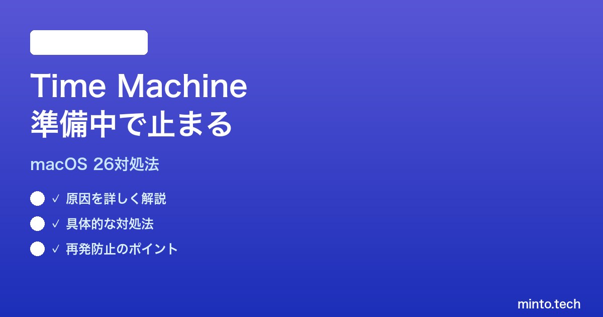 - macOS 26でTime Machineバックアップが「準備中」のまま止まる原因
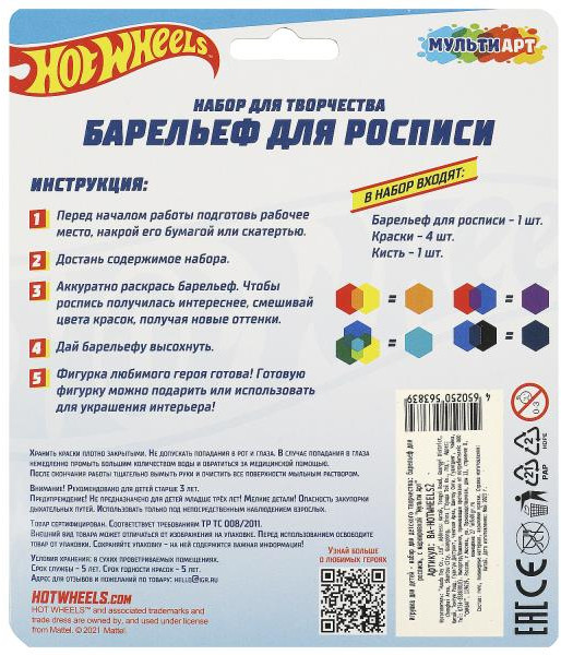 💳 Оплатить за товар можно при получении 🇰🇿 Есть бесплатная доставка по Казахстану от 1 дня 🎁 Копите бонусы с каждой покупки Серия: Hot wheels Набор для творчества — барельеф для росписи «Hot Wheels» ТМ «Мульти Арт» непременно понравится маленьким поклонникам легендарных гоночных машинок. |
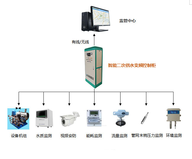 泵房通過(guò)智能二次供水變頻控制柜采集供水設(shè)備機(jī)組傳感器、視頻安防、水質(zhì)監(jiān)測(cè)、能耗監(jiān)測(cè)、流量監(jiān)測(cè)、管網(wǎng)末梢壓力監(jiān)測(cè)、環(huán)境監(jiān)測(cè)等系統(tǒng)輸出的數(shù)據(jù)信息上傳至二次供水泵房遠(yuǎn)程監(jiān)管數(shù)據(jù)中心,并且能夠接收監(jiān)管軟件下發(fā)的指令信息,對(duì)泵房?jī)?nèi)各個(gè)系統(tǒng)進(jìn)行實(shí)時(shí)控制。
--
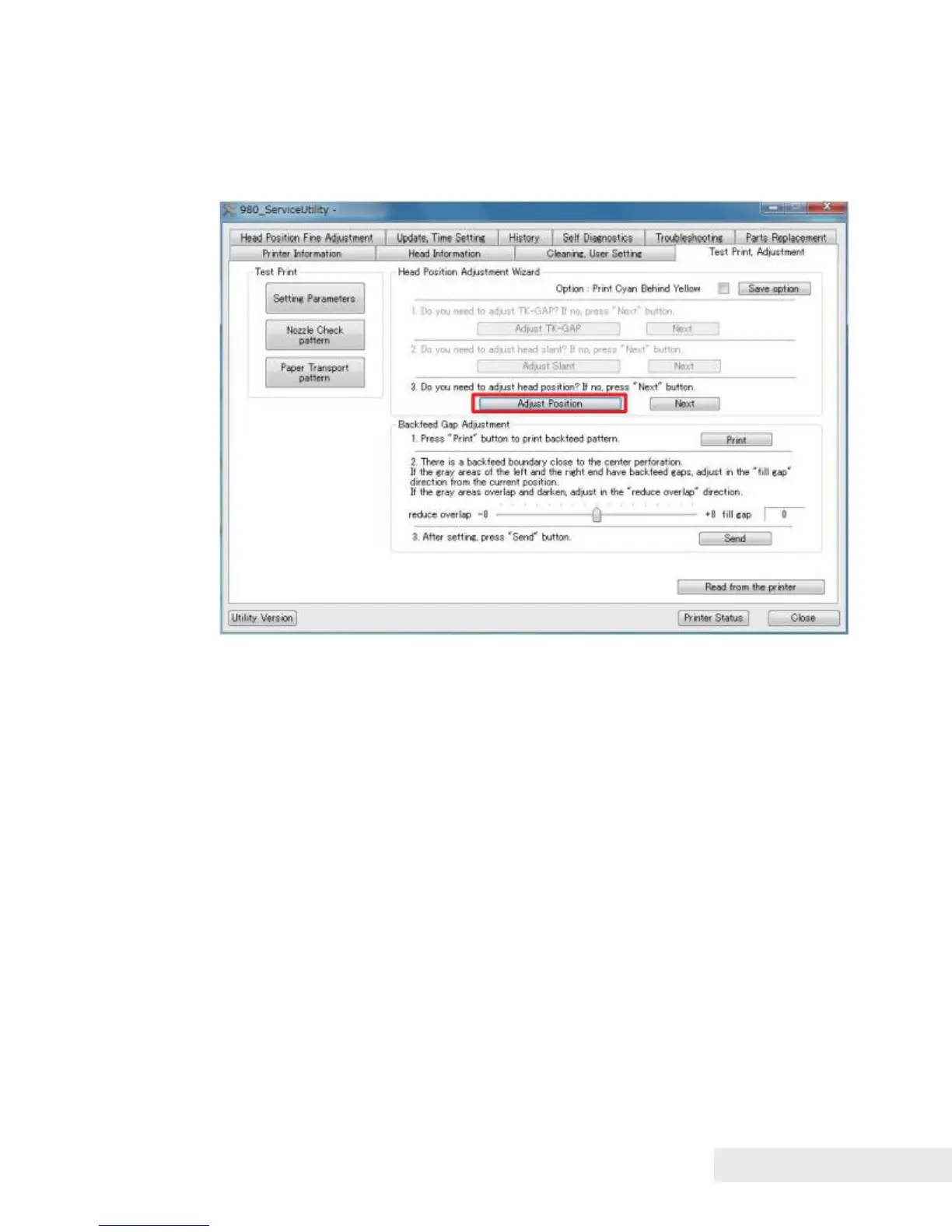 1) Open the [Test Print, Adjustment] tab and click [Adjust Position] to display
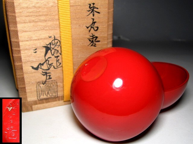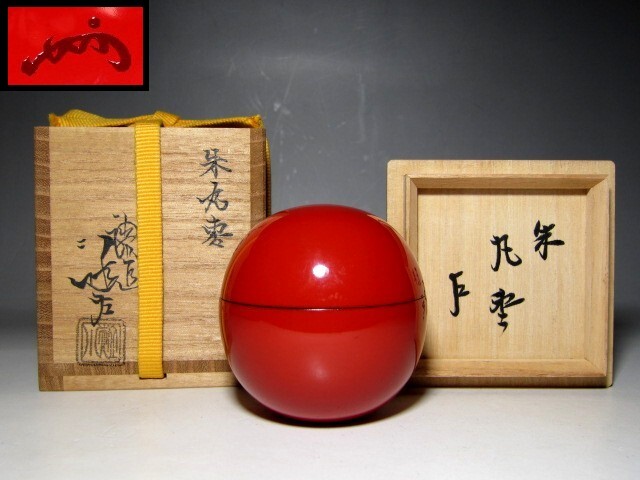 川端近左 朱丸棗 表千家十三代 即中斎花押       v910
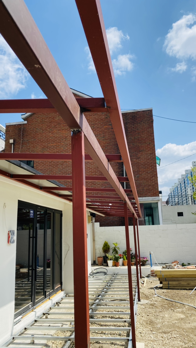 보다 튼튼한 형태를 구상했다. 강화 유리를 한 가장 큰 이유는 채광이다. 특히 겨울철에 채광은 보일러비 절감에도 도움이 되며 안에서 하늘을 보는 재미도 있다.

### Work to complete
In the listing above, the required lines run from the line with "- macOS 26でTime Machineバックアップが「準備中」のまま止まる原因" through the line with "гоночных машинок. |". Output exactly those lines, omitting pictures.

### Reply
 - macOS 26でTime Machineバックアップが「準備中」のまま止まる原因
 💳 Оплатить за товар можно при получении 🇰🇿 Есть бесплатная доставка по Казахстану от 1 дня 🎁 Копите бонусы с каждой покупки Серия: Hot wheels Набор для творчества — барельеф для росписи «Hot Wheels» ТМ «Мульти Арт» непременно понравится маленьким поклонникам легендарных гоночных машинок. |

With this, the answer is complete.